Operação Fim da Rota

Polícia do RJ prende suspeitos de tráfico de fuzis e drogas no ES

Operação cumpre mandados em várias cidades capixabas e já resultou na prisão de cinco pessoas

policia civil rio de janeiro
Foto: Divulgação PCES

Cinco pessoas foram presas no Espírito Santo durante uma operação da Polícia Civil do Rio de Janeiro deflagrada nesta quinta-feira (26). A ação, que ainda está em andamento, cumpre mais de 20 mandados de prisão e de busca e apreensão em municípios capixabas como Serra, Cariacica, Guarapari, Vila Velha, Vitória e Montanha. Além das prisões, houve apreensão de drogas.

A ofensiva, batizada de Operação Fim da Rota, tem como foco desarticular um esquema interestadual de tráfico de drogas e fuzis ligado à facção Terceiro Comando Puro (TCP). A investigação aponta que parte dos suspeitos atuava de forma discreta, sem antecedentes criminais, o que dificultava a identificação pelas forças de segurança.

Alvos “invisíveis” e atuação interestadual

Segundo a Polícia Civil, a operação foi planejada para “trazer à luz” operadores considerados invisíveis do crime organizado. Diferentemente de ações tradicionais, que miram criminosos já conhecidos, os investigados levavam uma vida aparentemente regular, fora de áreas dominadas pelo tráfico, e não tinham registros policiais.

As apurações indicam uma estrutura hierarquizada, com divisão clara de tarefas e atuação coordenada entre Rio de Janeiro, Espírito Santo e Minas Gerais. Técnicas avançadas de inteligência e análise financeira foram usadas para mapear movimentações suspeitas, inclusive com uso de criptoativos, empresas de fachada e contas de “laranjas”.

Transporte de fuzis e lavagem de dinheiro

As investigações apontam que o líder do grupo coordenava as ações a partir do Complexo da Maré, no Rio, conectando fornecedores a distribuidores em outros estados. Para o transporte, o esquema utilizava fachada comercial, veículos com compartimentos ocultos e comunicação criptografada, inclusive para levar fuzis do tipo AR-10 e grandes carregamentos de entorpecentes.

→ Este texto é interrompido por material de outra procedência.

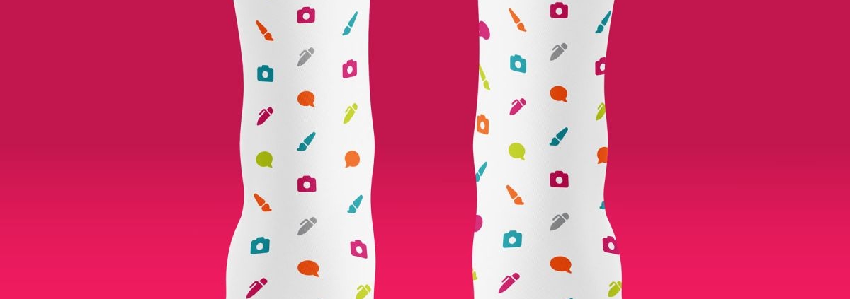 Voor ons eigen jubileum probeerden wij dat, als oude sokken met frisse ideeën, eens voor je uit. We lieten de onderzijde borduren met ons woordmerk, een niet meteen in het oog springende plek. De rest van de sok vulden we met kleurrijke iconen die je als klant kunt herkennen van onze offertes en facturen. Allemaal natuurlijk in onze herkenbare huisstijlkleuren. Zo zijn de sokken zowel commercieel als draagbaar.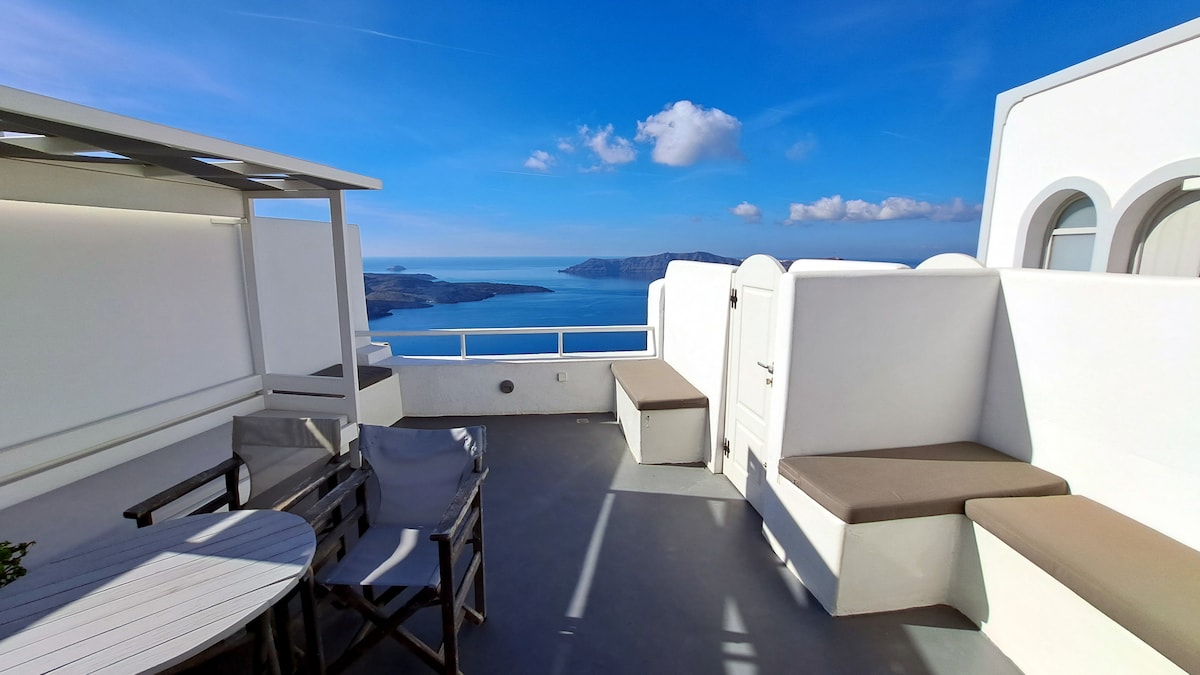 Vila „Yposkafo” îmbină frumos tradiția, eleganța și confortul, oferind un sejur de neuitat într-una dintre cele mai uimitoare locații ale insulei. Cocoțat pe Caldera, la doar câțiva pași de emblematicul „Trei clopote din Fira” și la doar 7-8 minute de mers pe jos de oraș. Are o mini piscină de lux, jacuzzi interior, un pat matrimonial, un pat matrimonial, 4 canapele/paturi și o terasă privată spațioasă cu vedere panoramică la Marea Egee, faimosul apus de soare Santorini și vulcan.

No braço financeiro, o grupo usava transferências via Pix, depósitos fracionados, empresas de fachada e até práticas de agiotagem para tentar ocultar a origem ilícita do dinheiro.

Operação integrada

A ação conta com apoio da Coordenadoria de Recursos Especiais (Core), do Departamento-Geral de Polícia Especializada (DGPE), do Departamento-Geral de Polícia do Interior (DGPI) e das polícias civis de Minas Gerais e do Espírito Santo. O objetivo é atingir simultaneamente tanto a ponta armada quanto o núcleo financeiro do TCP, enfraquecendo a logística do tráfico interestadual.

As investigações continuam, e a Polícia Civil não descarta novas prisões nas próximas horas.